Kiara was initially a self insert OC, like... put myself in drone form and shoved myself in the narrative kind of self insert.
Which... was partly because I was struggling to make her character and partly because I never had before and was morbidly curious.
Her parents are exaggerations of mine (and gender swapped) and she has a sister that I don't. But other then that...?
That's me!
Well WAS me, for a long time. Her struggles with her sexuality, confusion, an absent and unapproachable parent. That's all taken from real shit. Her regression is not something I've done, though I do get some serious brain fog when stressed.
She's both really easy and really really hard to write for those reasons. She reacts how I would, responds how I would. Which sounds great! Should be easy.
No. Because in real life I'm quiet, reserved, I don't have many real life friends. If I'm talking a lot my throat starts to hurt, that's how little I speak.
Which ends up with her sitting on the sidelines and not talking a lot of the time, which is frustrating. At least to me. Because it makes her seem uninteresting or passive.
It drives me nuts sometimes, but I love her character. Not because she's my own self insert, but in all the ways she's different from me now. (I no longer consider her a self insert if that says anything)

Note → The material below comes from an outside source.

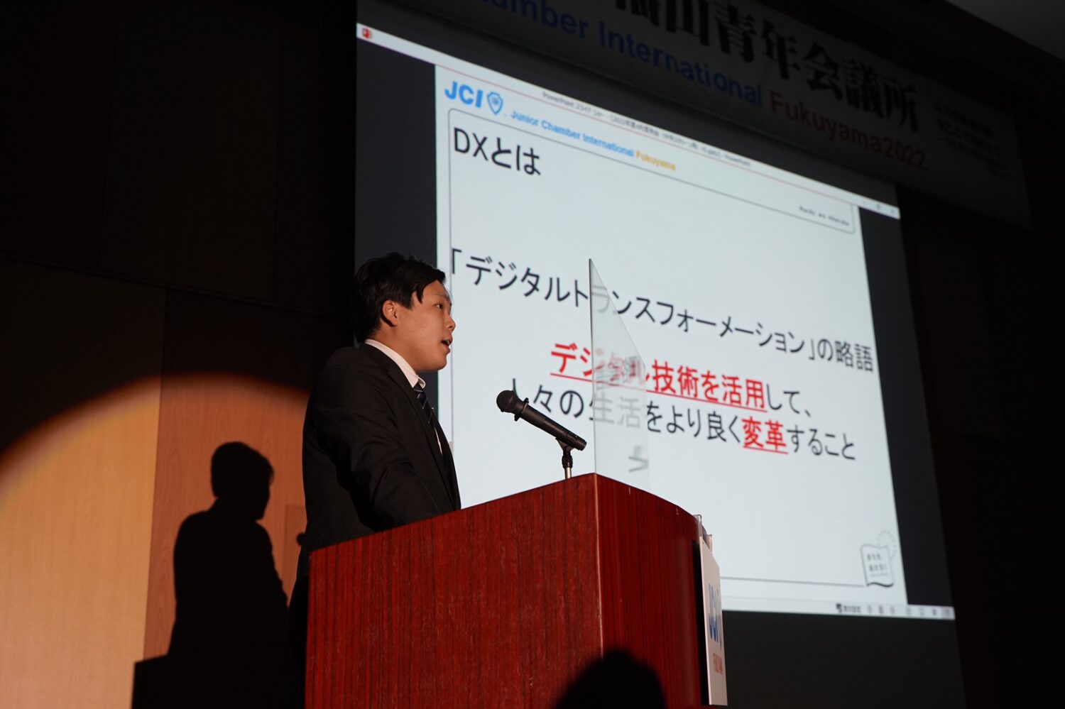 “まちをつなぐ”推進委員会が担当した例会行事では「今ここで始めよう!~つながり続ける未来に向かって」をテーマに、寸劇を交えながら、つながりを構築する意義とDX(デジタルトランスフォーメーション)を推進する有用性につての学びを得ました。

She's shy and sheltered to anyone she doesn't know because how relentlessly she was bullied for her sensitivity to certain stimuli. But to people she does know she stands her ground and can push through that discomfort to help them. (She hates the sound of the medical equipment, and the texture of the latex gloves but works in the clinic to help people anyway.)

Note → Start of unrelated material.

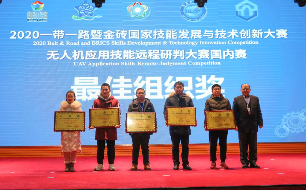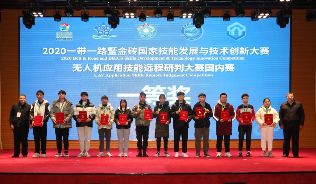 12月19日上午,2020一带一路暨金砖国家技能发展与技术创新大赛无人机应用技能远程研判国内赛决赛在潍坊职业学院圆满落幕。中国发明协会党委副书记、副理事长唐大力,潍坊职业学院院长王家爱,欧盟中国城市发展委员会主席、远洋航空科技(天津)有限公司董事长张毅,中国职业技术教育学会学术委员会委员、常务理事罗志,北京师范大学博士生导师、国家职业教育研究院副院长俞启定,俄罗斯自然科学院外籍院士、格鲁吉亚国家科学院外籍院士、山东理工大学原校长张铁柱,欧洲科学院荣誉院士、深圳无人机行业协会会长杨金才,中国发明协会发明创业促进中心主任周小麒,现代职业教育研究院副院长郭海清等学者、专家以及全国各地的选手、领队和指导教师100余人出席了闭幕式。闭幕式由金砖国家工商理事会(中方)技能组执行总监崔雪艳主持。

She's never touched a drop of alcohol in her entire life, and never wants to. Despite both her parents being drinkers. (Though one drinks to drown the pain and the other is more like your cool aunt who drinks a martini at dinner.) And that takes some damn self control when there's SO MUCH alcohol in the house.
She's empathetic, she's not able to bring herself to physically step in to stop a bully (Fear), but she'll take the victim aside and check them over, reassure them, give them a person to talk to that she only ever had in Tera and Rad.

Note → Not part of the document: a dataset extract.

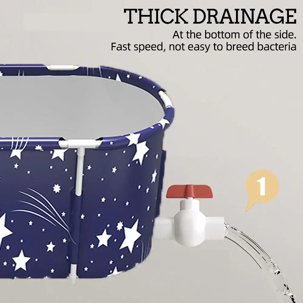 Особенности товара:Тип: Складная ВаннаСтили: Звездное небоЦвет: темно-синийМатериал: водонепроницаемый ПВХРазмер A: 118x55x50 см/46,5x21,7x19,7 дюймов

Every kid who doesn't have a freind somehow, she becomes their caretaker, she is the soft mom freind because her mom is the only person who was really there for her aside from her two freinds.
She's fucking SMART. Because she's busy observing everything and anything before she goes to speak. (Which is what makes her so damn hard to write.) Anxiety is her main tenant and observing everything makes it easier for her to work through it.
Those are all things that have grown with her that aren't taken from me. And I would love more chances to show them off, but I STRUGGLE to write her because I'm caught between trying to make her interesting and making her accurate.
I needed to rant. Writing Something for her and it's been ROUGH.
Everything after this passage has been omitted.